--- START ---

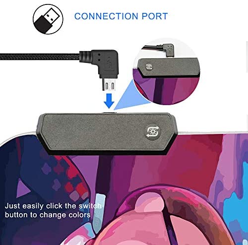 Micro usb charging: The RGB mouse pad was powered by Micro USB. Plug and play, no drive and one-touch control makes it convenient to switch the colors.
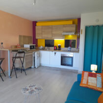 Ce grand studio comprend une pièce de vie baignée de lumière avec une cuisine américaine équipée, une salle d’eau confortable et un dégagement avec placard et possibilité de rangements.
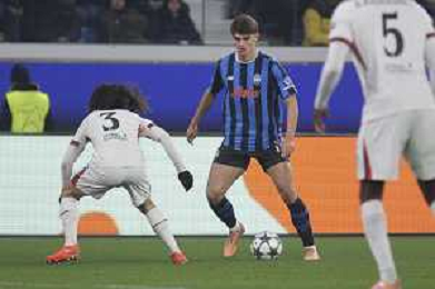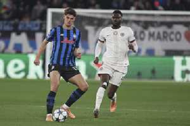 Odilon Kossounou of Atalanta BC play the ball during Atalanta BC vs Chelsea FC, Champions League 2025-26 League phase, Matchday 6°, game at New Balance Arena in Bergamo (BG), Italy, on Dicember 09, 2025. (Photo by Davide Casentini)- AGENZIA ALDO LIVERANI SAS
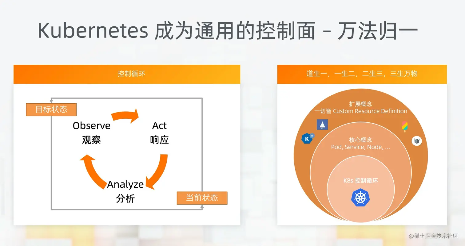 最后,K8s 提供平台无关的技术抽象:如 CNI 网络插件, CSI 存储插件等等,可以对上层业务应用屏蔽基础设施差异。05

--- END ---

§ **What you should do**: Send back the data above verbatim, leaving out its pictures.

§ **Answer section**:
 Micro usb charging: The RGB mouse pad was powered by Micro USB. Plug and play, no drive and one-touch control makes it convenient to switch the colors.
 Ce grand studio comprend une pièce de vie baignée de lumière avec une cuisine américaine équipée, une salle d’eau confortable et un dégagement avec placard et possibilité de rangements.
 Odilon Kossounou of Atalanta BC play the ball during Atalanta BC vs Chelsea FC, Champions League 2025-26 League phase, Matchday 6°, game at New Balance Arena in Bergamo (BG), Italy, on Dicember 09, 2025. (Photo by Davide Casentini)- AGENZIA ALDO LIVERANI SAS
 最后,K8s 提供平台无关的技术抽象:如 CNI 网络插件, CSI 存储插件等等,可以对上层业务应用屏蔽基础设施差异。05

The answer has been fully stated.